Tuesday, April 24, 2007

Pictures from Lebanon


This is an article I wrote just after returning to lebanon on a releif trip... I wrote it to The Beacon newspaper at AUC:


Pictures... From Lebanon
By Ahmed Fathelbab

'Lebanon is the country of pretty girls and attractive beaches' this is the picture I had in mind while traveling to Lebanon representing the help club in the Nusrah campaign's visit to Lebanon as part of the relief campaign after the war. Yet, once I stepped in Beirut's airport, some different pictures started to come into view.

The first picture is for an 11-storey house that was once hosting more than 25 families. This house is now rubble. All you can see is some blocks and dust, some rags of cloth, and some kindergarten books of those children who once lived in this house. This house was never used to launch rockets, never used to refuge resistors, and never used to hide weapons. Yet, the Israeli planes while failing to target those in resistance started to target civilians in order to score points against the resilient Lebanese. This picture of the home was not one picture, it is 15,000 pictures spreading every where in Lebanon.

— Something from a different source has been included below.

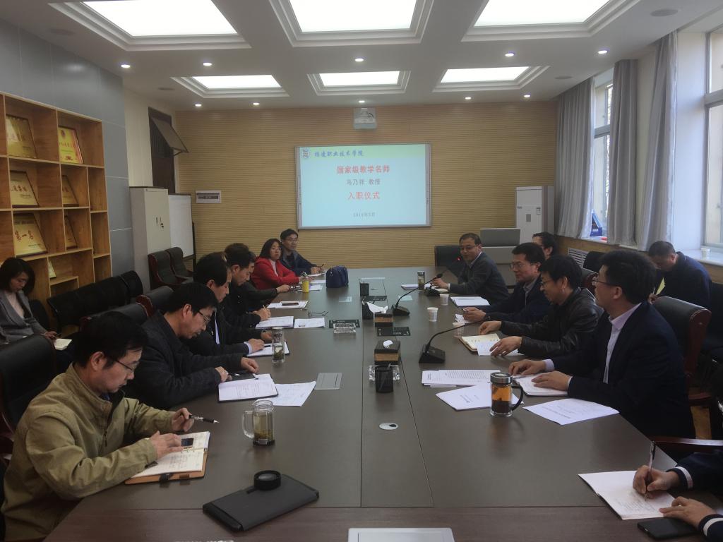 3月12日下午,动物工程分院召开全体教职工大会,举行国家级教学名师马乃祥教授入职仪式。党委副书记任得元出席会议,并向马乃祥教授颁发教授工作室牌匾。

The other picture is for Mahmoud . Mahmoud is a normal university sophomore who is living some luxurious house with his family in a relatively safer city in Lebanon. As the war began, and while most of the south residents were leaving the south, mahmoud was leaving to the south. Mahmoud joined the people of the south in their struggle and in rescuing them putting his life in danger. Yet doing that for mahmoud was "for the sake of Allah who deserves much more from me".

Another picture is for a real hero. He is a father of two young Palestinians living in Sour, Lebanon. While Sour has been heavily bombed day after another during the July-August war, Seif, as a normal father, sent his two beloved children to the supposedly-safer city of Sidon. Then, and through a mid-night call, Seif knew that his two children were bombed, one of them became a martyr and the other paralyzed.
We had the chance to meet Seif and have iftar with him. On my way, I thought I am going to meet a father and a mother who are constantly crying. Yet, I found out that I am speaking with a hero who considers himself a father of a martyr.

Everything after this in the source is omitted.